DATA FOR THIS EXERCISE:
○ ○ ○ ○ ○ ○ ○
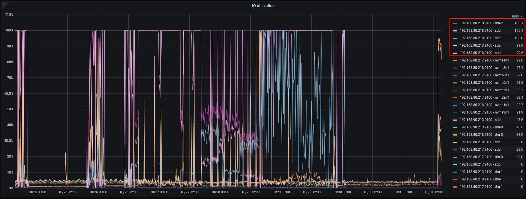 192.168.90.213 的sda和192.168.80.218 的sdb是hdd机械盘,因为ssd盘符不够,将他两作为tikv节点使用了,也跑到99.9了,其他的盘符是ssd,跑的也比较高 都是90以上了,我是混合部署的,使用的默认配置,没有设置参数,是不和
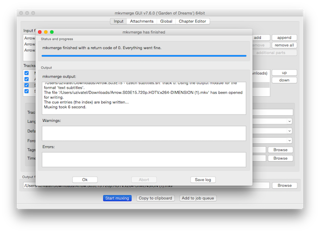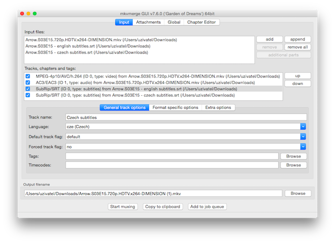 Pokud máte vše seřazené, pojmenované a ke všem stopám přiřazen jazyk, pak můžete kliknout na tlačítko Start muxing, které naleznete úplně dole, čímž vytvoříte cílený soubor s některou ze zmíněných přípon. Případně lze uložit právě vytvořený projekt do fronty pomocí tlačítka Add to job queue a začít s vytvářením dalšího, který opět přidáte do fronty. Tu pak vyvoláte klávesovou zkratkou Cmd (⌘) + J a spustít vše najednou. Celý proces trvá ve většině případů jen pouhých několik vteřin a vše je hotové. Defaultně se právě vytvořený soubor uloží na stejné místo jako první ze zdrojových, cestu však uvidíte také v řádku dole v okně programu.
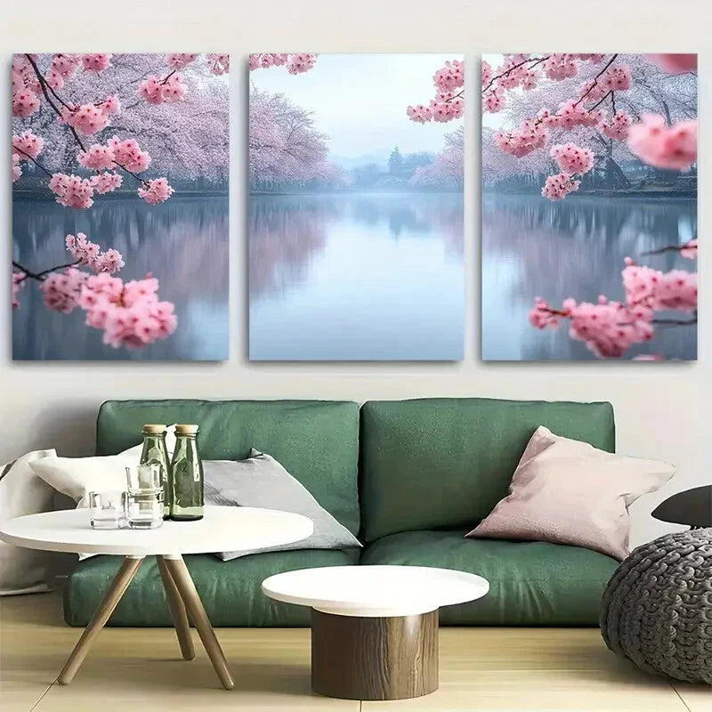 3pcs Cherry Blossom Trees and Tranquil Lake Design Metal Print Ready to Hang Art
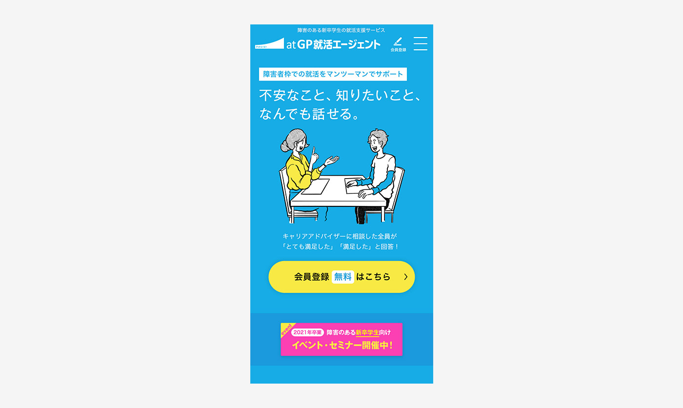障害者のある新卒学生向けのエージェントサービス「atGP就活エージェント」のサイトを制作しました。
○ ○ ○ ○ ○ ○ ○
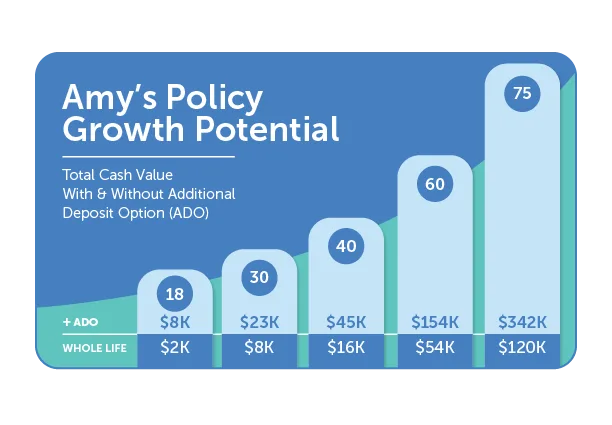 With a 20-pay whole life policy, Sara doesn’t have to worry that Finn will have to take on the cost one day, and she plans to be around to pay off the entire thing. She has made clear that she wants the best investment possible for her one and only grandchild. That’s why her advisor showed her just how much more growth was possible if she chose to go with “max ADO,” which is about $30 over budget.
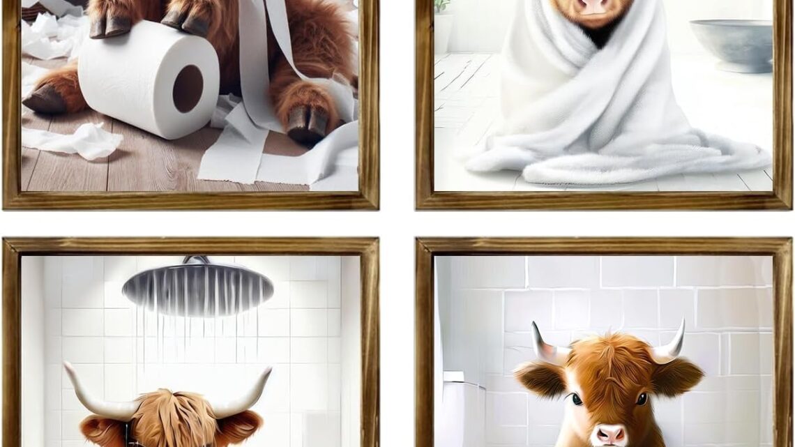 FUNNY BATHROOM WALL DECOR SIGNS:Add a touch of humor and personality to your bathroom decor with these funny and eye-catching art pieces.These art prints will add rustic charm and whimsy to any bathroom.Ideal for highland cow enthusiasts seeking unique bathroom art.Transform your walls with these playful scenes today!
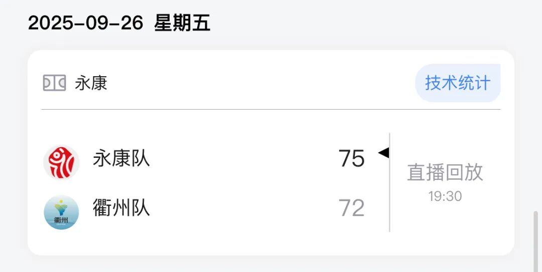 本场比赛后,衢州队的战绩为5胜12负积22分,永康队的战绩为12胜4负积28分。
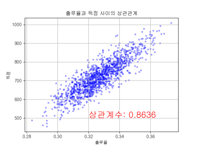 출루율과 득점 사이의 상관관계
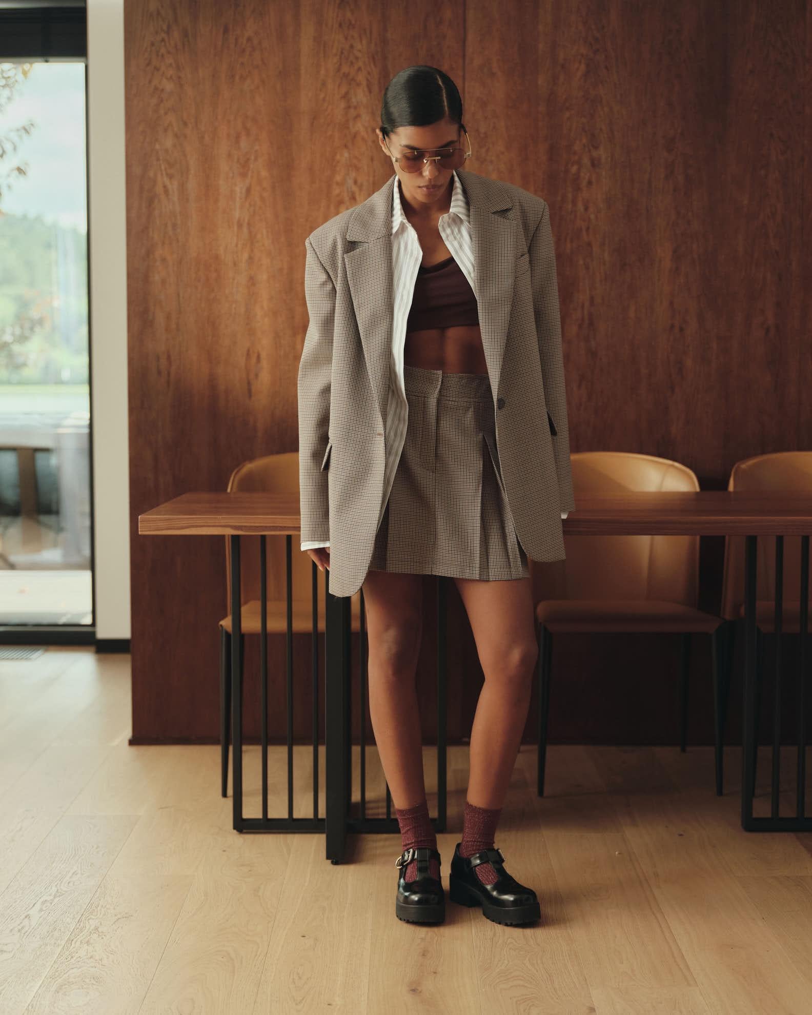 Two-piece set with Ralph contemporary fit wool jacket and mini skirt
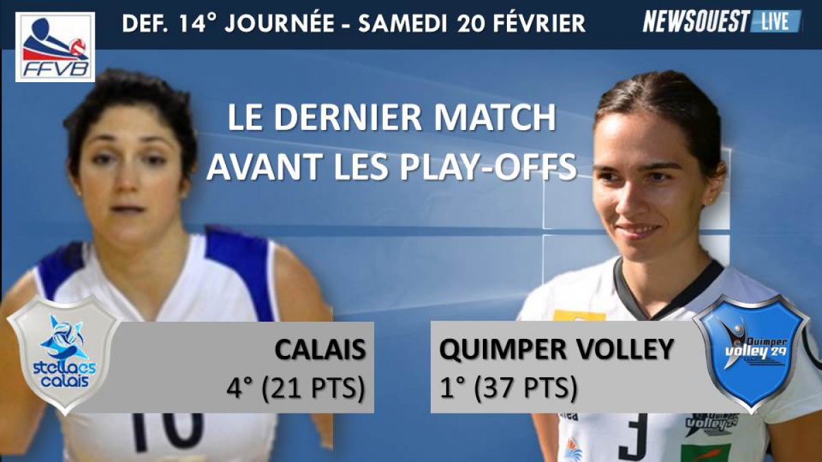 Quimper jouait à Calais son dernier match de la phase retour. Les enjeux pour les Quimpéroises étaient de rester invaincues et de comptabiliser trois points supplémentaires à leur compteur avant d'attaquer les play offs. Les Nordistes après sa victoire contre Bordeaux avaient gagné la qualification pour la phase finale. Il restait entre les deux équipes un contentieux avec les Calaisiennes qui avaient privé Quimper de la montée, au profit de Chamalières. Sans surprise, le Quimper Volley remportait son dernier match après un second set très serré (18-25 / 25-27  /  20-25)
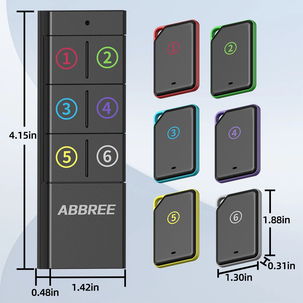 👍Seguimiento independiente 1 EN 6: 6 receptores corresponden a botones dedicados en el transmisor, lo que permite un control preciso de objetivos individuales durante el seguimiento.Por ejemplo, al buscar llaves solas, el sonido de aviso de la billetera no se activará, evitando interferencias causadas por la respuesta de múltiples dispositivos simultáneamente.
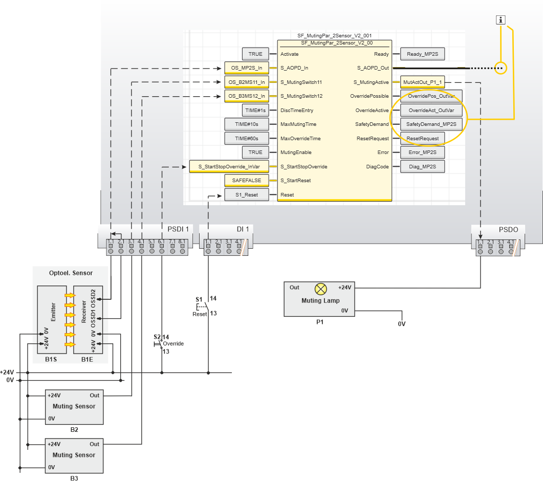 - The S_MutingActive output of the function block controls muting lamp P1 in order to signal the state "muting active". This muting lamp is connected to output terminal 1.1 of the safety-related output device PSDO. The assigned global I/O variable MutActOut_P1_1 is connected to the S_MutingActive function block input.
○ ○ ○ ○ ○ ○ ○
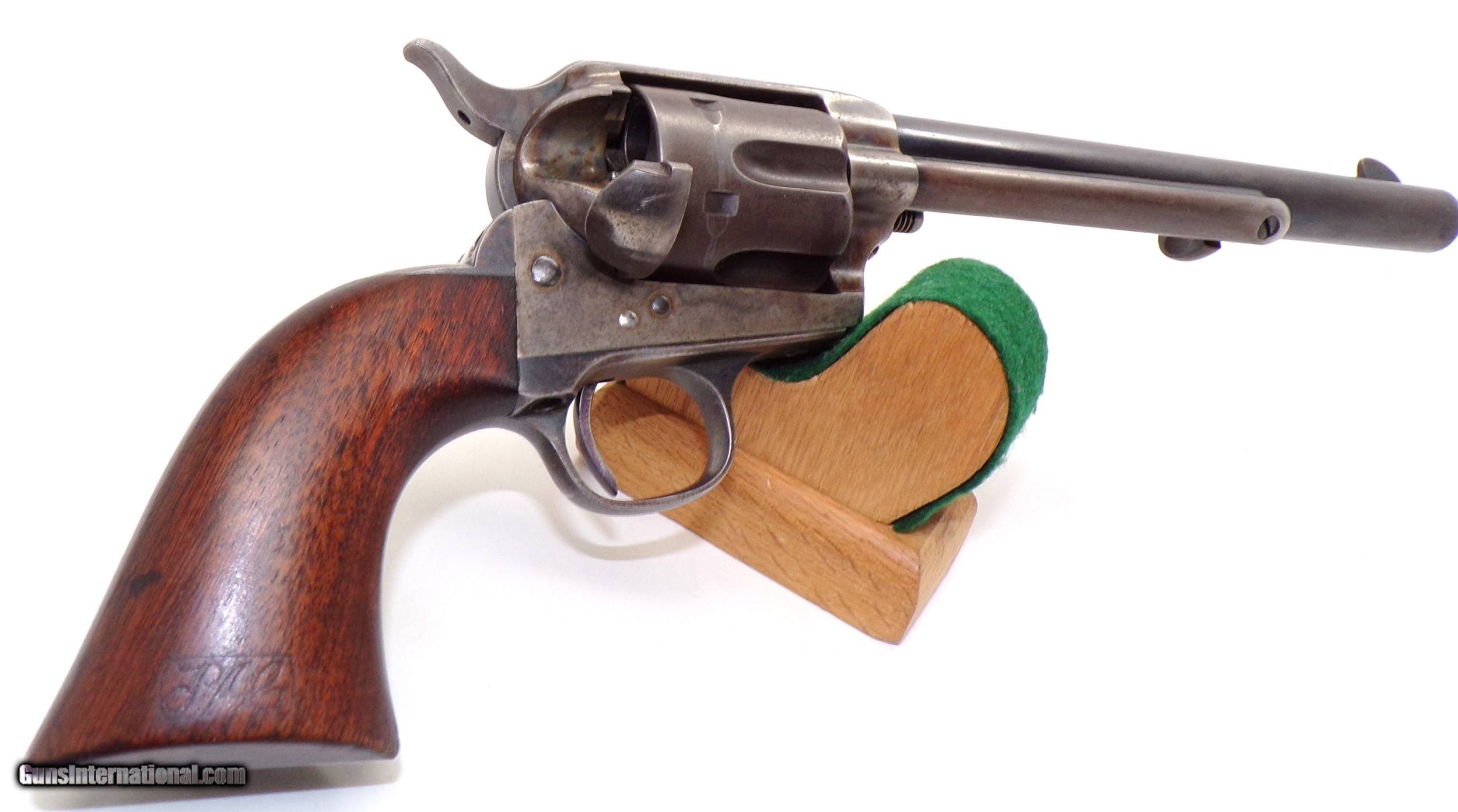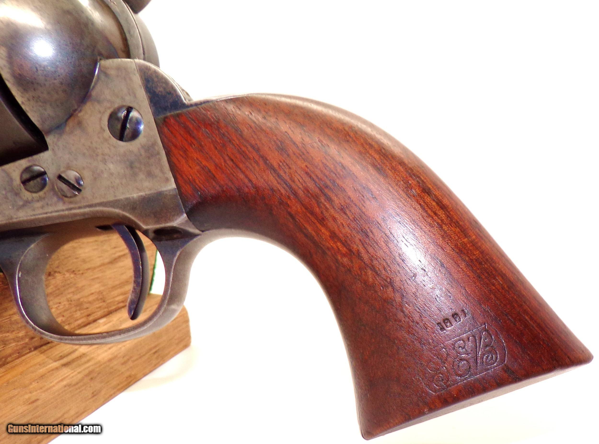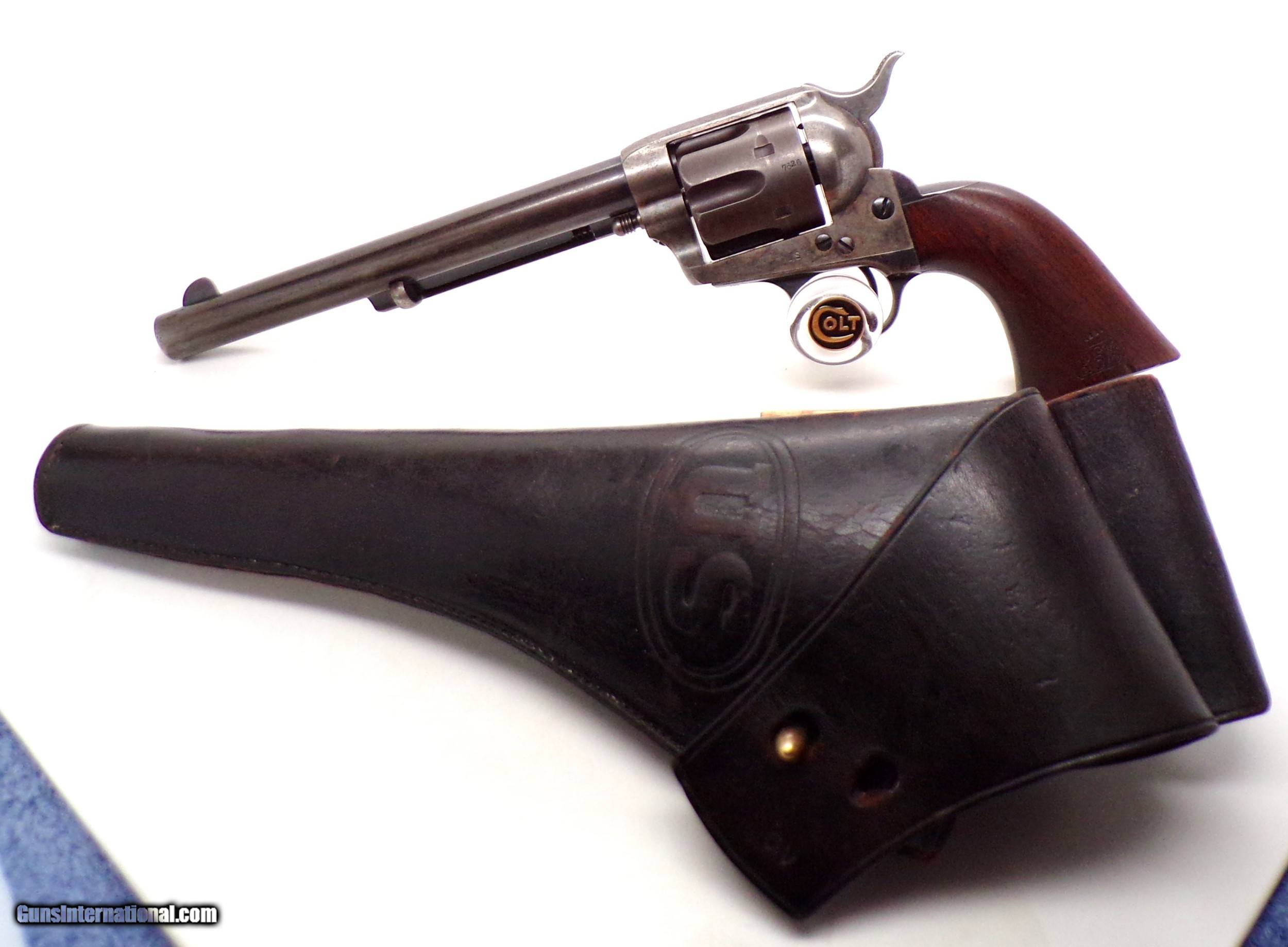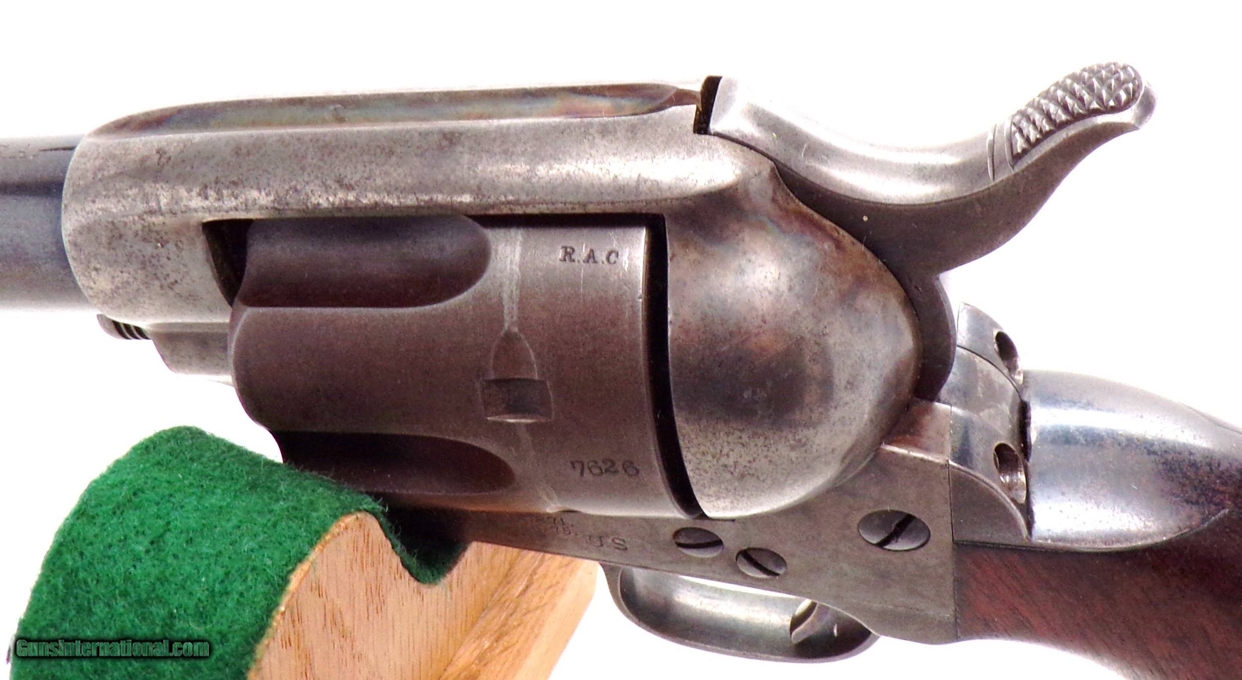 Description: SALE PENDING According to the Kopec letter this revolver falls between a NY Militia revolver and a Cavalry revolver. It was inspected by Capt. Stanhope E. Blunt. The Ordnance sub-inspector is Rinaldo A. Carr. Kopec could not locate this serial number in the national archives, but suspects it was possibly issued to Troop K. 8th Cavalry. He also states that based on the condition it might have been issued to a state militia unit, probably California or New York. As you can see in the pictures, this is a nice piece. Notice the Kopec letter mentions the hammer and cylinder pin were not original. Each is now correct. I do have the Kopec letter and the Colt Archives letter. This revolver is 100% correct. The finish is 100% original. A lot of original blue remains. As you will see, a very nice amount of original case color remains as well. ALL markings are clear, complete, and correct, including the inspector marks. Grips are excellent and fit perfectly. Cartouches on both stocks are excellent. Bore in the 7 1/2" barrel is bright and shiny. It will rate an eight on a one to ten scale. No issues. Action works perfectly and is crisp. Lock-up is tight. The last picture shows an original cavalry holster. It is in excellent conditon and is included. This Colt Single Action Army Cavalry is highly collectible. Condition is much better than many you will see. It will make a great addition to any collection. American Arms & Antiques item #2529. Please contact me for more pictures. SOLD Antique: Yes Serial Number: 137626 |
○ ○ ○ ○ ○ ○ ○
WHAT THE EXERCISE ASKS: Please repeat, exactly as written, the lines in the records above, starting with the one that has "출루율과 득점 사이의 상관관계" and going on through the one that has "Quimper jouait à". Pictures are to be left out.

RESPONSE BELOW:
 출루율과 득점 사이의 상관관계
 Two-piece set with Ralph contemporary fit wool jacket and mini skirt
 Quimper jouait à Calais son dernier match de la phase retour. Les enjeux pour les Quimpéroises étaient de rester invaincues et de comptabiliser trois points supplémentaires à leur compteur avant d'attaquer les play offs. Les Nordistes après sa victoire contre Bordeaux avaient gagné la qualification pour la phase finale. Il restait entre les deux équipes un contentieux avec les Calaisiennes qui avaient privé Quimper de la montée, au profit de Chamalières. Sans surprise, le Quimper Volley remportait son dernier match après un second set très serré (18-25 / 25-27  /  20-25)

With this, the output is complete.